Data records
—————

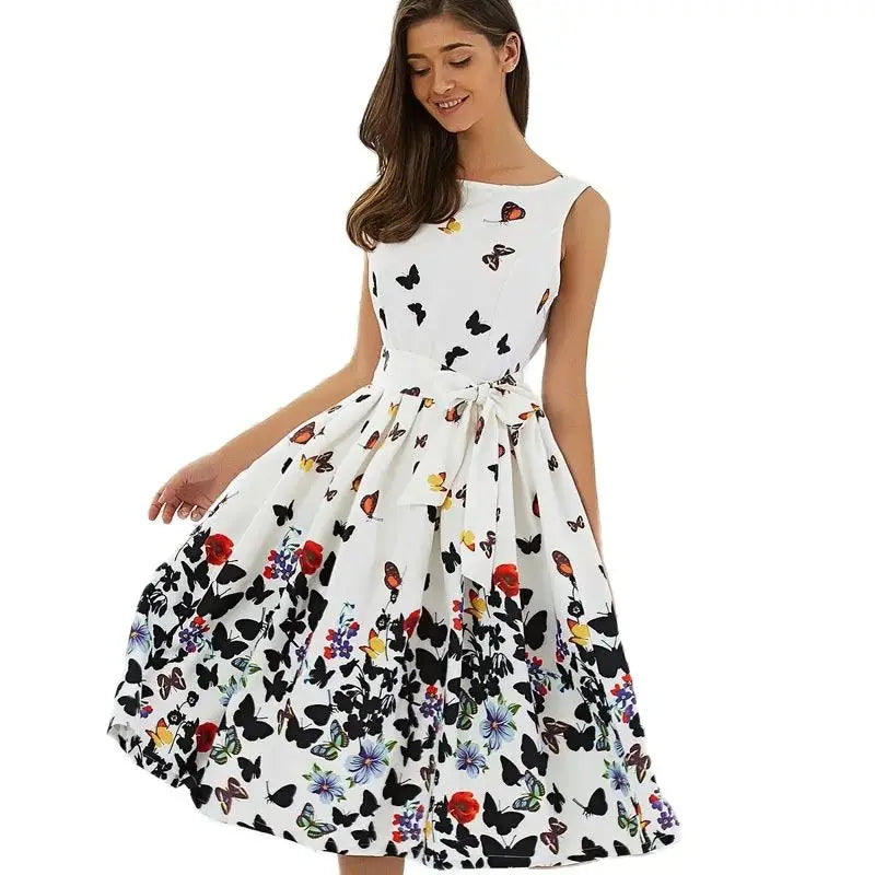 This Crewneck sleeveless garden print women's pleated lace-up dress with playful cute mid-length dress is not just a fashion statement; it's a celebration of individuality. Pair it with sandals for a daytime look or dress it up with heels for an evening event. This dress truly transitions easily from day to night.
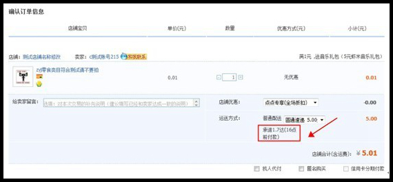 若买家是在当天(假设是1月6日)16点之前(含16点)下单,则在订单确认页面展示的文案为:承诺1.7达(16点前付款);若买家在当天16点之后下单,则在订单确认页面展示的文案为:承诺1.8达(次日16点前付款)
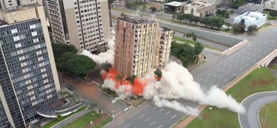 El Torre Palace, uno de los hoteles más emblemáticos de Brasil, fue derribado el pasado fin de semana en Brasilia, mediante una demolición controlada en la que utilizaron 165 kilos de explosivos. El icónico hotel fue inaugurado en la década de 1970 y funcionó hasta 2013. Desde su cierre, el edificio estuvo abandonado y fue objeto de disputas legales entre familiares.
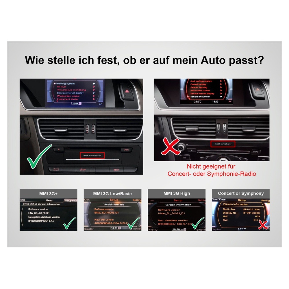 | 2008-2015 | Audi | Q5 | OEM radio: AUDI MMI 3G+/3G High system, 7 monitor, 4-pin LVDS connector. AUDI MMI 3G Basic/Low, 6.5 monitor, 4-pin LVDS connector. |
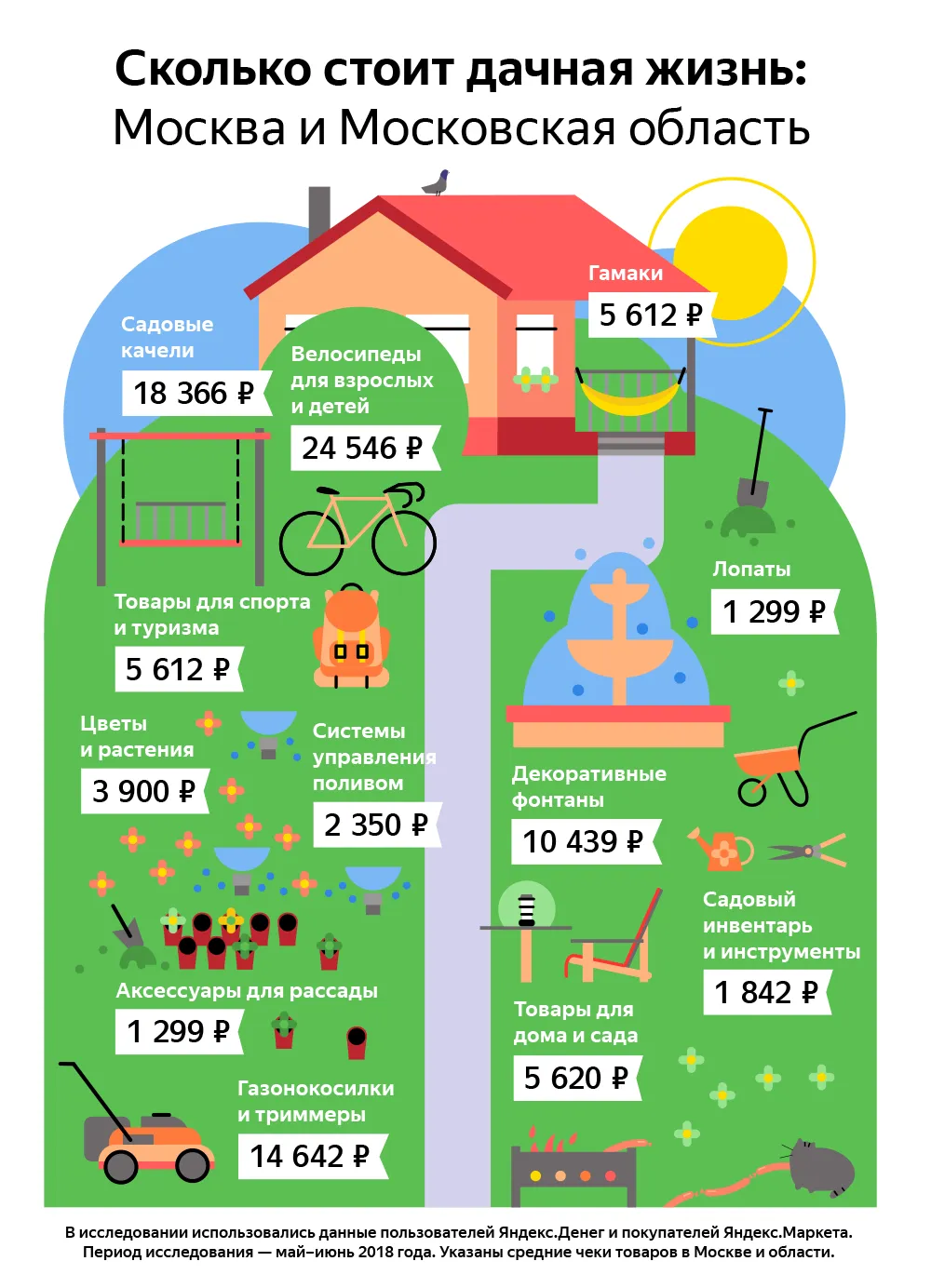 В расчетах учитывались данные о платежах через Яндекс.Кассу и покупках на Яндекс.Маркете за май-июнь 2018 года. В ценник вошли инструменты для сада и огорода, растения для посадки, велосипеды, гамаки и многие другие вещи для дачной жизни.
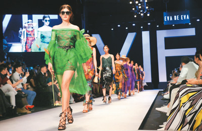 4月19日,在越南胡志明市,模特展示越南时装品牌的服装。当日,为期4天的2018越南春夏国际时装周在胡志明市拉开帷幕。来自越南、法国、意大利、新加坡等国家和地区的设计师和时装品牌参加了本次时装周。
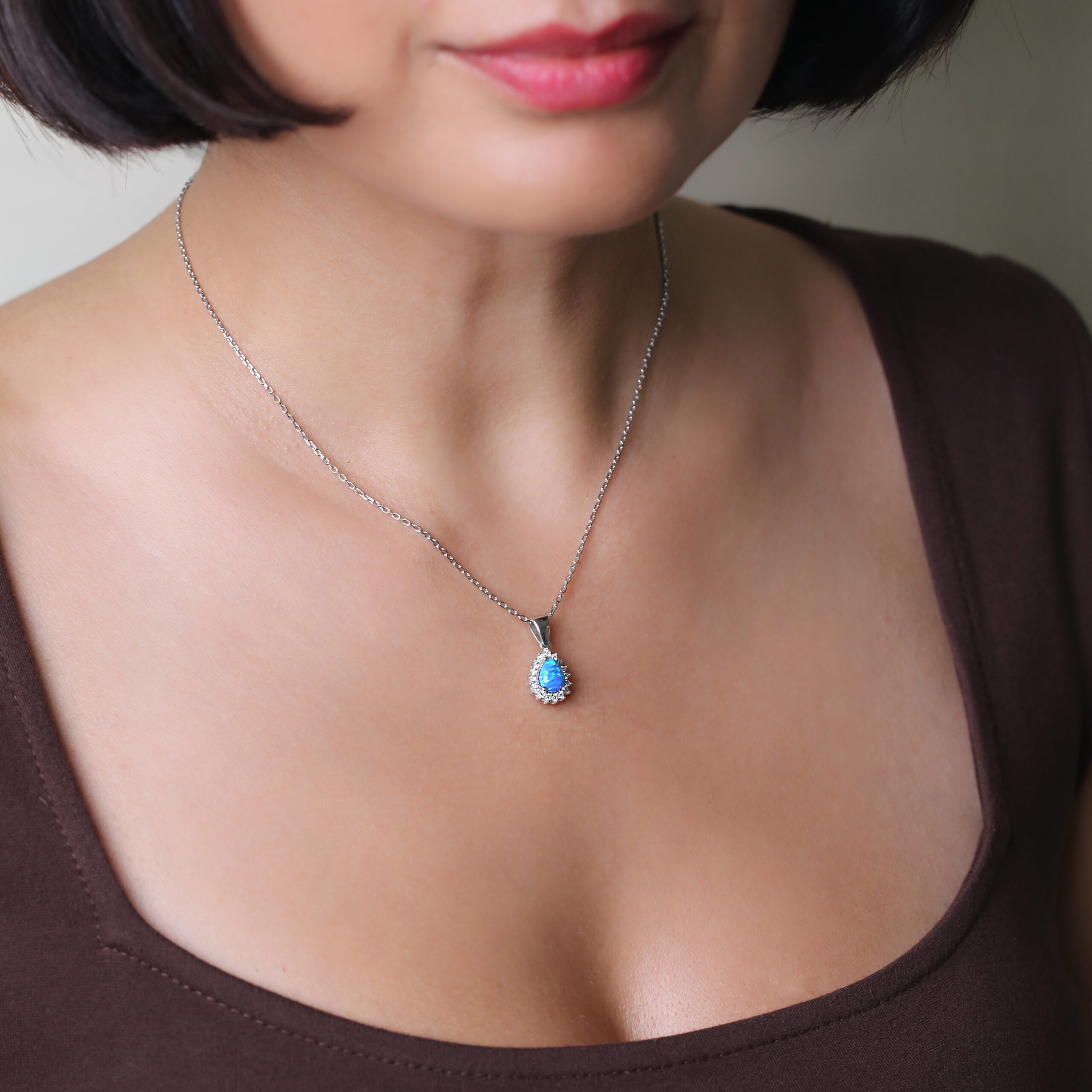 Le Collier Deniz, orné d’une opale bleu véritable en son centre, se pose près du cœur comme une onde apaisante.

—————

» **WORK REQUIRED**
Return only the lines from the one containing "若买家是在当天(假设是1月6" through the last line of the entries above, exactly as written and without pictures.

» **EXERCISE RESULT**
 若买家是在当天(假设是1月6日)16点之前(含16点)下单,则在订单确认页面展示的文案为:承诺1.7达(16点前付款);若买家在当天16点之后下单,则在订单确认页面展示的文案为:承诺1.8达(次日16点前付款)
 El Torre Palace, uno de los hoteles más emblemáticos de Brasil, fue derribado el pasado fin de semana en Brasilia, mediante una demolición controlada en la que utilizaron 165 kilos de explosivos. El icónico hotel fue inaugurado en la década de 1970 y funcionó hasta 2013. Desde su cierre, el edificio estuvo abandonado y fue objeto de disputas legales entre familiares.
 | 2008-2015 | Audi | Q5 | OEM radio: AUDI MMI 3G+/3G High system, 7 monitor, 4-pin LVDS connector. AUDI MMI 3G Basic/Low, 6.5 monitor, 4-pin LVDS connector. |
 В расчетах учитывались данные о платежах через Яндекс.Кассу и покупках на Яндекс.Маркете за май-июнь 2018 года. В ценник вошли инструменты для сада и огорода, растения для посадки, велосипеды, гамаки и многие другие вещи для дачной жизни.
 4月19日,在越南胡志明市,模特展示越南时装品牌的服装。当日,为期4天的2018越南春夏国际时装周在胡志明市拉开帷幕。来自越南、法国、意大利、新加坡等国家和地区的设计师和时装品牌参加了本次时装周。
 Le Collier Deniz, orné d’une opale bleu véritable en son centre, se pose près du cœur comme une onde apaisante.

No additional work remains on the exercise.